Given the previously observed 12.3 kcps DCR measurement, the pulse count with no sample present indicates an optical crosstalk count of c. 5.8 kcps. The c. 0.3 kcps increase in response to the reflective foil sample over that obtained with no sample present indicates the imager’s response to reflected illumination light is modest. Given that the observed response from the foil is due to a combination of DCR, crosstalk and reflection, it is clear that any additional response in excess of this level from a particular sample is a result of induced fluorescence emission. This is indeed the case for the apple, grape, skin and paper samples, clearly demonstrating the imager’s capacity to induce and detect autofluorescence from both biological samples and a manufactured fluorescent brightening agent.
Autofluorescence imaging with FAD
We demonstrate the autofluorescence imaging capability of our system by using FAD fluorophore to mimic the main endogenous contributor to the autofluorescence emission spectrum of human tissues40. 5 ml of a FAD solution was placed in a horizontally positioned polystyrene culture flask, the underside of which was covered in optically-absorbent tape with a 3 mm high T-shaped cutout (see supplementary Fig. 4a). The imager was directed upwards towards the cutout, which was positioned 22 mm from the capsule lens. With 78 μW excitation provided by the LED at the sample surface, 12.5 μM was the minimum concentration at which the T-shape was detectable (see supplementary Fig. 4a and Fig. 6a).

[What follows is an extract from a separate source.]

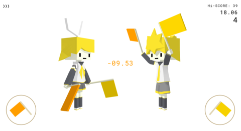 Rin Len Flags:考驗反應速度的手旗信號小遊戲。玩家扮演左邊的鏡音鈴,並需以最快的時間跟隨右邊鏡音連的手旗信號。完成一輪即得一分,看你能在 30 秒內得到多少分?在電腦的話可用左右方向鍵控制旗幟,而在手機的話可使用畫面上的兩個旗幟按鈕。

In AF detection, an excess amount of haemoglobin present within living tissue is considered an indicator of abnormality in the tissues as a consequence of neoplasia. As haemoglobin tends to be a photon absorber41,42, its presence reduces the amount of autofluorescence emission. To assess the impact of haemoglobin absorption, we added 0.5 mg to each (5 ml) FAD solution. The addition of the haemoglobin does not obviously alter the image at each concentration of FAD (Fig. 6b), but as can be seen in Fig. 6c, the average count rates of every image shows that haemoglobin absorption reduces the measured photon count.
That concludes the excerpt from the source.